Guest: Qi Zhou, Founder of EthStorage

Introduction

This is the final episode of the decentralized rollup interview series. In this episode, we explore rollup decentralization from the perspective of "data availability and decentralized storage." We are honored to have Qi Zhou, founder of EthStorage, join us to discuss how DA reuses Ethereum's security properties, EIP-4844 and danksharding, comparative security across different DA models, and how EthStorage will integrate with EIP-4844 in the next Ethereum upgrade.

About the Guest

I'm excited to share our thoughts on Ethereum's DA technology and our work building a decentralized storage layer on top of it. I joined the Web3 industry full-time in 2018, previously working as an engineer at major tech companies like Google and Facebook. I also hold a PhD from the Georgia Institute of Technology. Since 2018, I’ve been deeply involved in Web3 infrastructure development—driven both by my prior experience in distributed systems and distributed storage at big tech firms, and by the belief that there’s significant room for innovation in blockchain infrastructure. From early efforts in execution sharding (Ethereum sharding 1.0), to today’s data sharding (sharding 2.0), and now data availability (DA), our focus has always been advancing core Web3 infrastructure through research and engineering.

We closely follow the Ethereum roadmap, conduct research, and actively participate in community-driven improvements. At the end of last year, we were honored to receive support from the Ethereum Foundation for our research on "data availability sampling"—contributing theoretical work on danksharding topics such as efficient data recovery. At the same time, we're building EthStorage—an Ethereum data layer based on Ethereum’s DA technology. Using Ethereum smart contracts, we enable large-scale verification of off-chain data storage, which brings meaningful value to Ethereum. Today, I’m thrilled to share insights into how EthStorage leverages DA technologies to build a more robust decentralized data storage network.

Interview Section

Part One: Defining Data Availability (DA)
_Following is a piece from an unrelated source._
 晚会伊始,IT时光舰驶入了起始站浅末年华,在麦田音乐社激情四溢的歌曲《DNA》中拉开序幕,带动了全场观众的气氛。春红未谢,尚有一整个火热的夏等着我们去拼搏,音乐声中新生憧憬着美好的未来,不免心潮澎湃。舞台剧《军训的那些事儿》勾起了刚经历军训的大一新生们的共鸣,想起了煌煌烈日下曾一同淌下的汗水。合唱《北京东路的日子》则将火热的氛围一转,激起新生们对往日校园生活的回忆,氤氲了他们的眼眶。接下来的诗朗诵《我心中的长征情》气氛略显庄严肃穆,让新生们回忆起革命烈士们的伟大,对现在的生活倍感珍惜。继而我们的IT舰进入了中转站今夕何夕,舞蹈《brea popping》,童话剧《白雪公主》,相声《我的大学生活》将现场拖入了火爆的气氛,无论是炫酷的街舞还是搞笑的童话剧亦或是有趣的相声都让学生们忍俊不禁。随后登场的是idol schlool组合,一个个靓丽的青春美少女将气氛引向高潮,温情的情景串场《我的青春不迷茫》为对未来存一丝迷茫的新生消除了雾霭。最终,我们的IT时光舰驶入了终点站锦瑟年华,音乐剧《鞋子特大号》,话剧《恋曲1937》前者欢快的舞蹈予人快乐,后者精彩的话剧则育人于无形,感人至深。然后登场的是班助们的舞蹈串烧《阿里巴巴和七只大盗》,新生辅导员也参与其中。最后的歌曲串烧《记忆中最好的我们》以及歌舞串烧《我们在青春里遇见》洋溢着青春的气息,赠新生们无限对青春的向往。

How Does Data Availability (DA) Ensure Rollup Security?

In my research on DA, I've found that many people misunderstand its definition. It’s great to clarify this today—I’ve discussed DA extensively with members of the Ethereum Foundation, including Dankrad Feist, about its critical role in Ethereum L2 ecosystems.
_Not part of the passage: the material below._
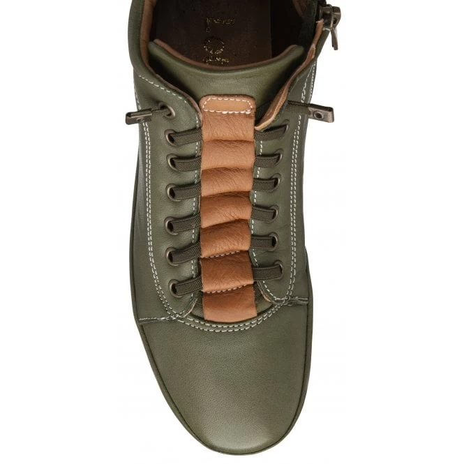 The Lotus Frida is the perfect trainer boot hybrid that off duty looks call for! This casual, almost flat, ladies’ ankle boot emulates the aesthetic of a trainer due to the elasticated laces incorporated. As well as featuring a pull tab, this premium leather khaki and tan leather boot encompasses an inside zip to help with getting the style on/off effortlessly.

As you may know, rollups move transactions off the main chain and then use proof mechanisms—fraud proofs or validity proofs—to convince L1 smart contracts that their execution results are valid.

A key goal here is to reuse Ethereum’s existing network security while significantly scaling its computational capacity. This scalability comes from moving computation off-chain—but how do we preserve Ethereum-level security?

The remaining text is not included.